• ENTRIES PROVIDED:
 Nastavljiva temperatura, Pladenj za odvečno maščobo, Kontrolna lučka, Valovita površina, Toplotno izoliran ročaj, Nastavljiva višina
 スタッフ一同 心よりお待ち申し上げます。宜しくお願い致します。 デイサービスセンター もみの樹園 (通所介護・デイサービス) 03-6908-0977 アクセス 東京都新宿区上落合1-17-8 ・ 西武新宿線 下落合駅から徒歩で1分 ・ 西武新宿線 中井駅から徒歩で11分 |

* * *

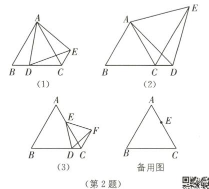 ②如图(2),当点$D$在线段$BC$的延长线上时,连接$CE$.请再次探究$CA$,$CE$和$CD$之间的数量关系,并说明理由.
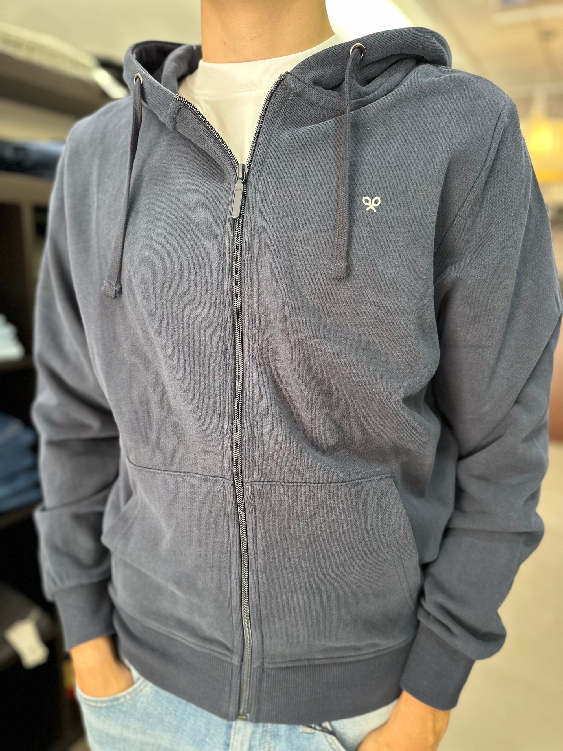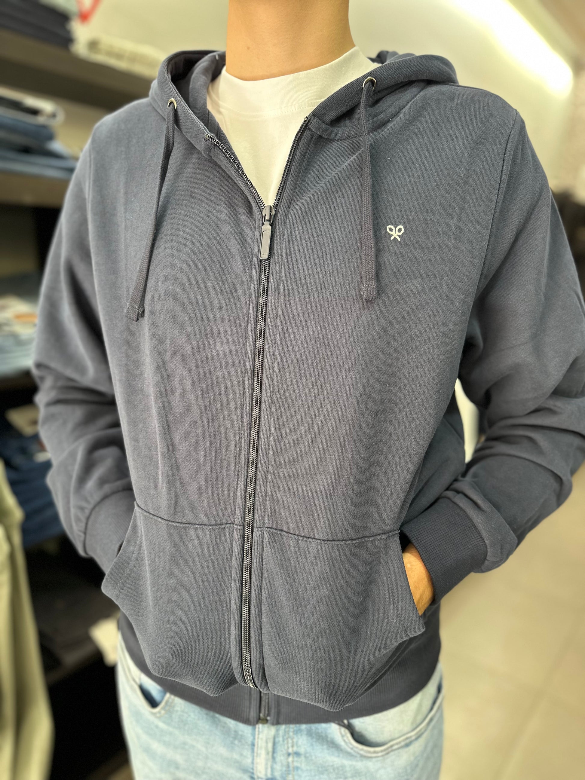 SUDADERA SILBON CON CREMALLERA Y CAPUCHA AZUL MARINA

• WHAT YOU WILL DO: Above are some records. Output exactly the lines from the one that contains "②如图(2),当点$D$在线" to the one that contains "SUDADERA SILBON CON", keeping both, and omit the pictures.

• RESPONSE:
 ②如图(2),当点$D$在线段$BC$的延长线上时,连接$CE$.请再次探究$CA$,$CE$和$CD$之间的数量关系,并说明理由.
 SUDADERA SILBON CON CREMALLERA Y CAPUCHA AZUL MARINA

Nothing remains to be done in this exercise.